I have alot of JSON objects which seem to be exports of collections exported as one document which contains an array of the documents in the collection.
I am having a problem importing it to Mongodb as the way I am importing it seems to be treating it as one document and exceeding the 16mb limit (some of the files are 140mb)
The structure is:
{
"CollectionName": [
{
...
},
...
{
...
}
]
}
The sub documents in the array have a unique id as a attribute called "id", which im assuming was the original document id before being exported.

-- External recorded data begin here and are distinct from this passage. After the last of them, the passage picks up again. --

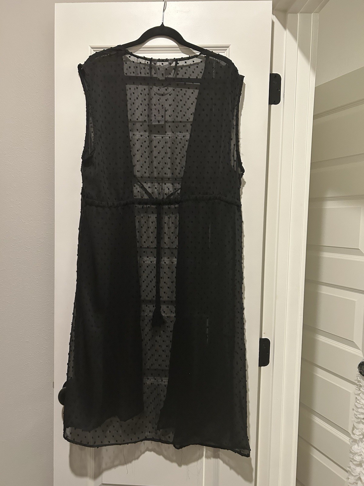 как выглядит Lauren Conrad Womens Black Sheer Kimono /Duster Tassel Tie Waist Boho Festival фото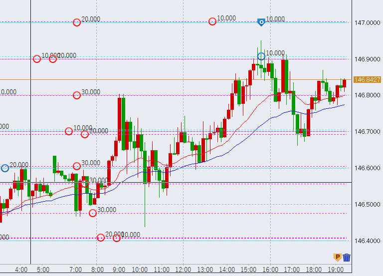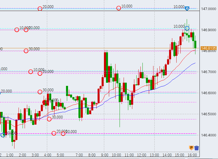 16時過ぎ、146.9円程度まで上昇。しかし、まだ前日高値(146.98円)までは届いていません。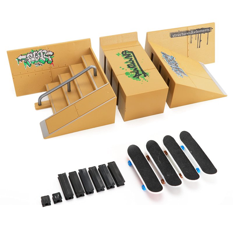 Skate Park Kit,Fingerboard Skate Park Ramp Decks,Finger Skateboard Ramp Parts 3PCS Skate Park Kit with 4 Finger Skateboards Ultimate Parks Training Props(3PCS)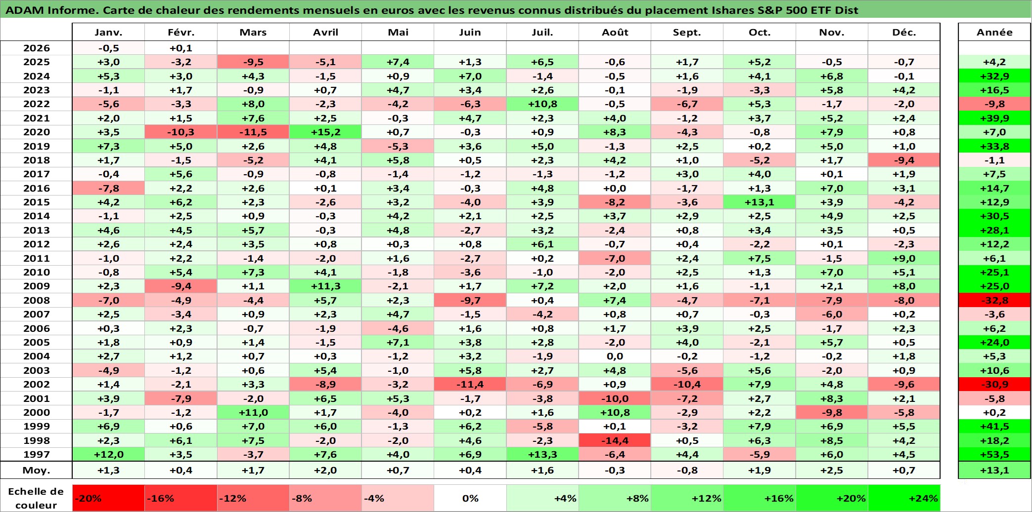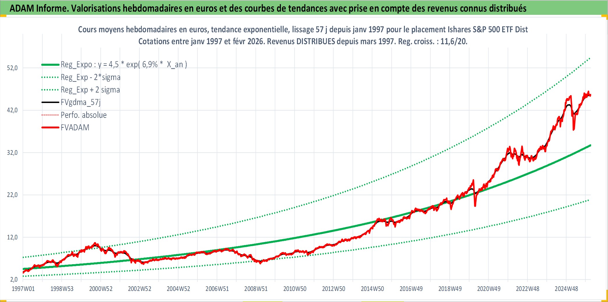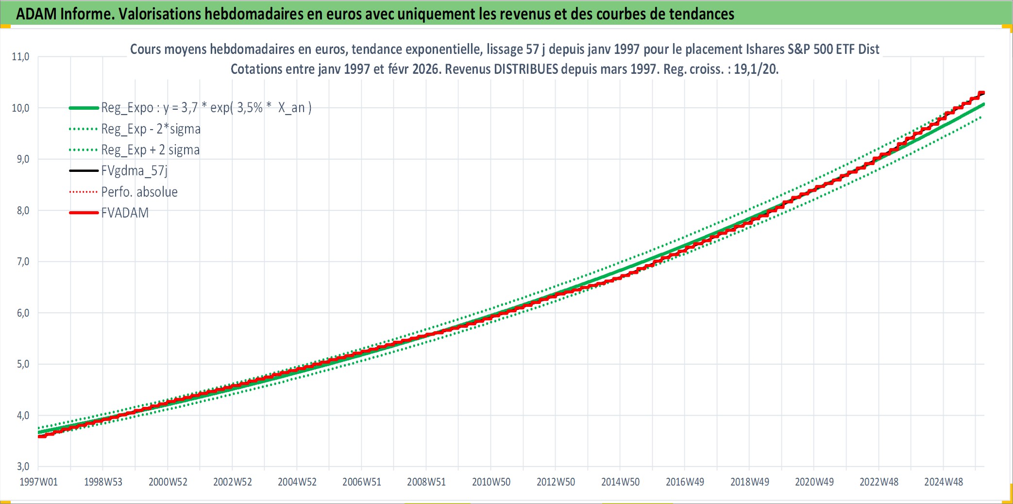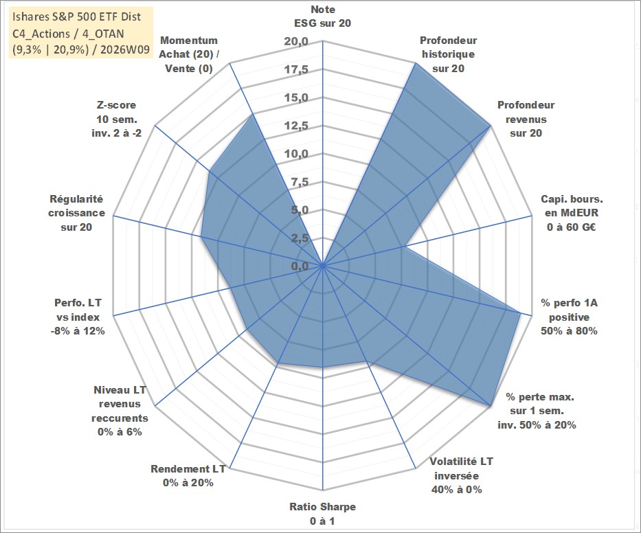 Site dédié aux investisseursPage dédiée sur site financeAnalyse des valorisations hebdomadaires du fonds Ishares S&P 500 ETF Dist. Cet actif est cote en AUD. Les valorisations sont en contrevaleur EURO et couvrent les semaines 1997W01 a 2026W09. Les revenus de cet actif financier sont pris en compte depuis la semaine 1997W13. La note ESG de cet actif n'est pas connue.

I am using PowerShell to execute mongoimport and import the collections. The code I have currently is
$collection = [regex]::Replace($_.FullName, "(?:C:\macship-inbound\d{4}.d{2}.d{2}.d{2}.d{2})", "")
$params = '--db', 'machship',
'--collection', "$collection",
'--type', 'json',
'--file', $_.FullName,
'--batchSize', '100',
'--numInsertionWorkers', '500',
& "C:MongoDBToolsbinmongoimport.exe" @params
I have tried adding –jsonArray to the parameters but that doesn’t work.
I would like to import the json using the "CollectionName" as the collection name in the database, and then the sub documents in the array as each document in the collection.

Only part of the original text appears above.